> AIM OF THE TASK: Each line from the one holding "本网讯(教科院 柳丽娜)1月" through the end of the records should be returned exactly, while pictures are skipped.

[Entries taken from a collection]
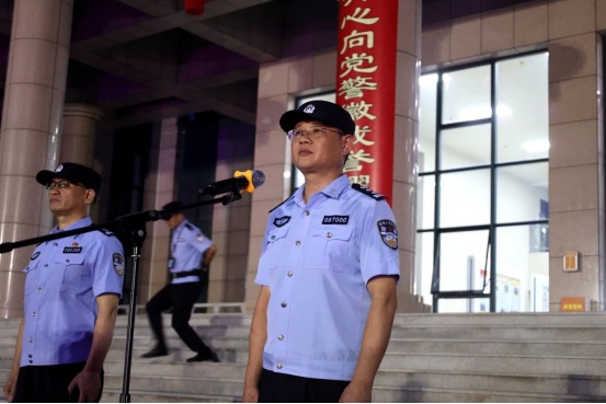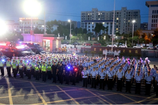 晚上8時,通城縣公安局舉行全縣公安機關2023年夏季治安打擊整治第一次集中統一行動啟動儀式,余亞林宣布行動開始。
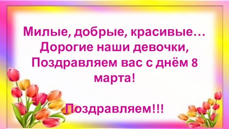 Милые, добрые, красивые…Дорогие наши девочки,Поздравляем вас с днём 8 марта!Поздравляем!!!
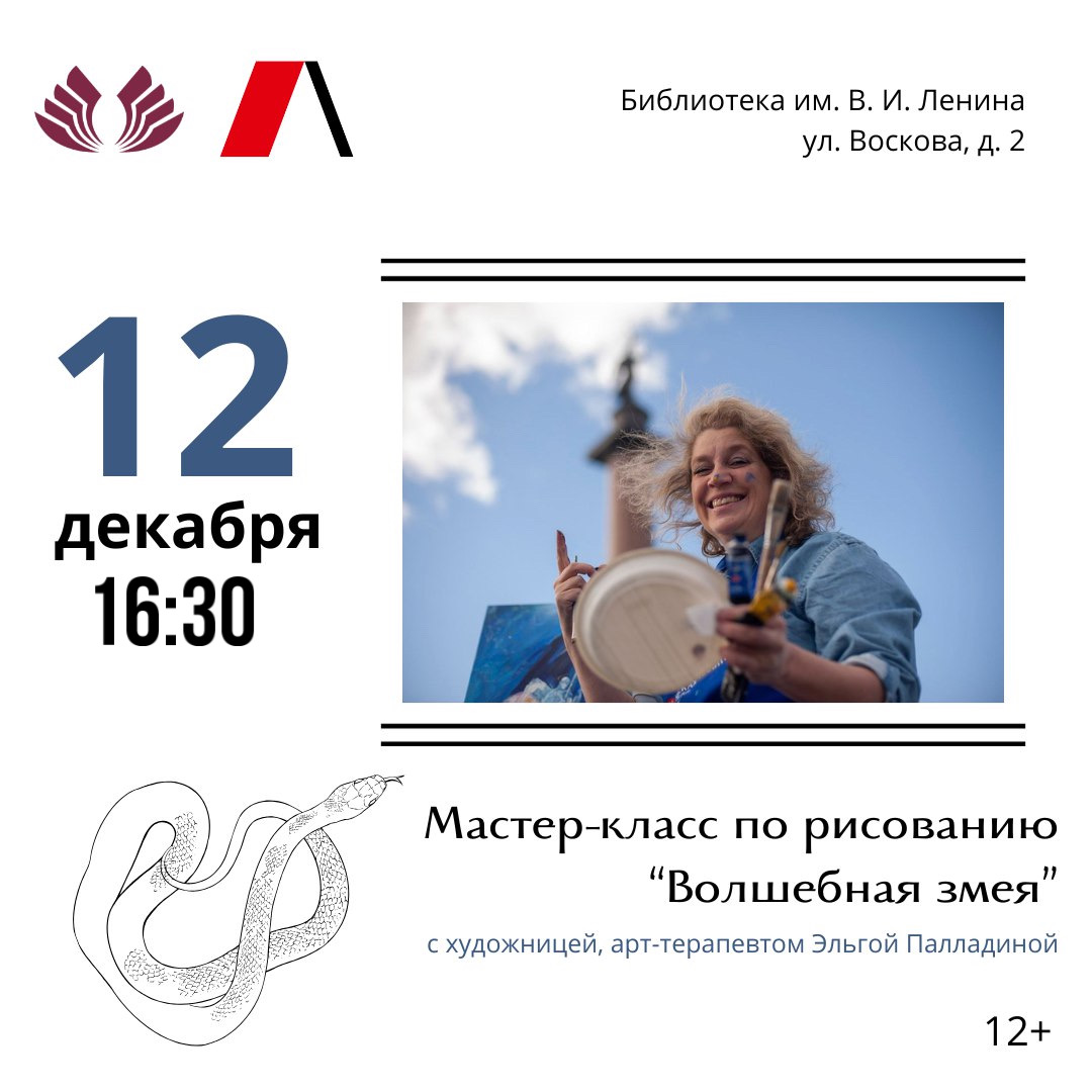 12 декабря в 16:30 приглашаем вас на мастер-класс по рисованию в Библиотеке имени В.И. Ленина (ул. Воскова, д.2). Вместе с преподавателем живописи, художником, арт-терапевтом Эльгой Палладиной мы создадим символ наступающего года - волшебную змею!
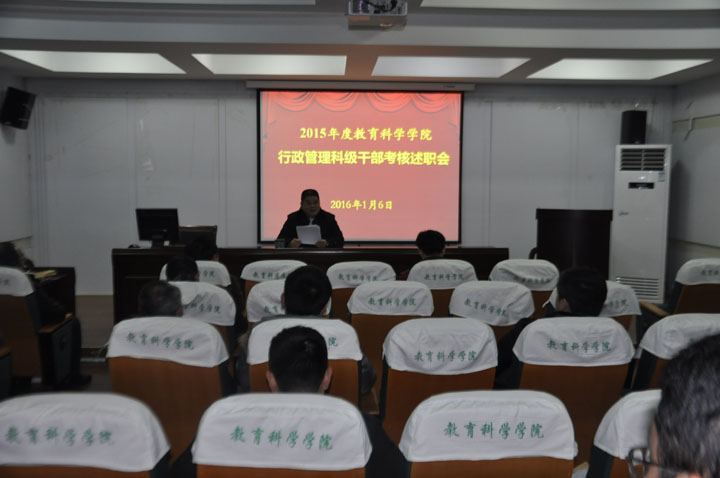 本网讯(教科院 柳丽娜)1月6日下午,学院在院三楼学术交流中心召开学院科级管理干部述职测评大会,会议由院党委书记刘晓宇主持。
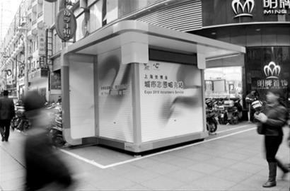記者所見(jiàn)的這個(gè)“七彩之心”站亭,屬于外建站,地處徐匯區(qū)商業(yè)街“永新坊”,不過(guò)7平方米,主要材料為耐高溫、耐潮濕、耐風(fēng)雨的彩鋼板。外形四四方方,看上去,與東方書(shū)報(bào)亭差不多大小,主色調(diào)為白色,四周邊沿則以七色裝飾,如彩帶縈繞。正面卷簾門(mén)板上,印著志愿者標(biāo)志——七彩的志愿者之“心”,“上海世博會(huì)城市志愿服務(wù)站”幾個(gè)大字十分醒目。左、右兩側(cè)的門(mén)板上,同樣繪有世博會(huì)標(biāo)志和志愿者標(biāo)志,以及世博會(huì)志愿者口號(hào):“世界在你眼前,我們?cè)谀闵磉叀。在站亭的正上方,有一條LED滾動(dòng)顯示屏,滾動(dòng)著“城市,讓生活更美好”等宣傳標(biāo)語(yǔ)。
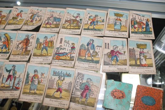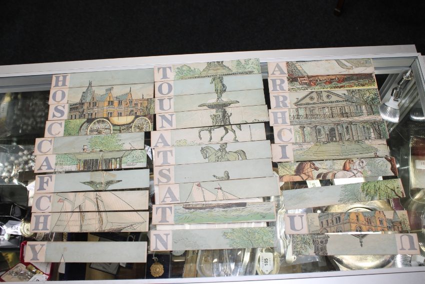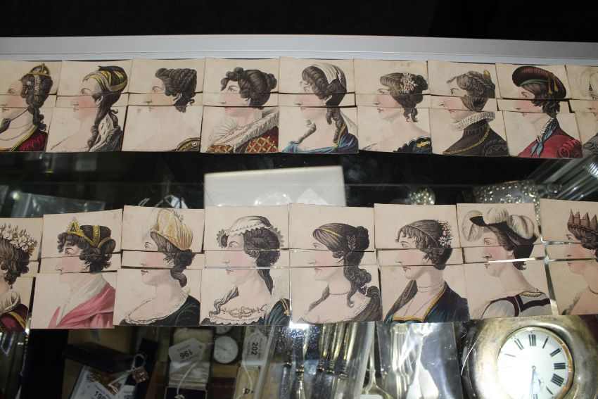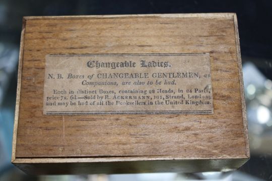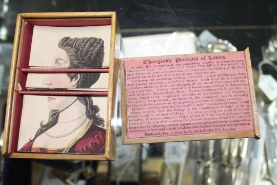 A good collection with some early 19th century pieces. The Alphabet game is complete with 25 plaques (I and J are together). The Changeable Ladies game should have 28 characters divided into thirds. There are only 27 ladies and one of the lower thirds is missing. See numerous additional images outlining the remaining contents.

> RESULT FOR THIS EXERCISE:
 本网讯(教科院 柳丽娜)1月6日下午,学院在院三楼学术交流中心召开学院科级管理干部述职测评大会,会议由院党委书记刘晓宇主持。
記者所見(jiàn)的這個(gè)“七彩之心”站亭,屬于外建站,地處徐匯區(qū)商業(yè)街“永新坊”,不過(guò)7平方米,主要材料為耐高溫、耐潮濕、耐風(fēng)雨的彩鋼板。外形四四方方,看上去,與東方書(shū)報(bào)亭差不多大小,主色調(diào)為白色,四周邊沿則以七色裝飾,如彩帶縈繞。正面卷簾門(mén)板上,印著志愿者標(biāo)志——七彩的志愿者之“心”,“上海世博會(huì)城市志愿服務(wù)站”幾個(gè)大字十分醒目。左、右兩側(cè)的門(mén)板上,同樣繪有世博會(huì)標(biāo)志和志愿者標(biāo)志,以及世博會(huì)志愿者口號(hào):“世界在你眼前,我們?cè)谀闵磉叀。在站亭的正上方,有一條LED滾動(dòng)顯示屏,滾動(dòng)著“城市,讓生活更美好”等宣傳標(biāo)語(yǔ)。
 A good collection with some early 19th century pieces. The Alphabet game is complete with 25 plaques (I and J are together). The Changeable Ladies game should have 28 characters divided into thirds. There are only 27 ladies and one of the lower thirds is missing. See numerous additional images outlining the remaining contents.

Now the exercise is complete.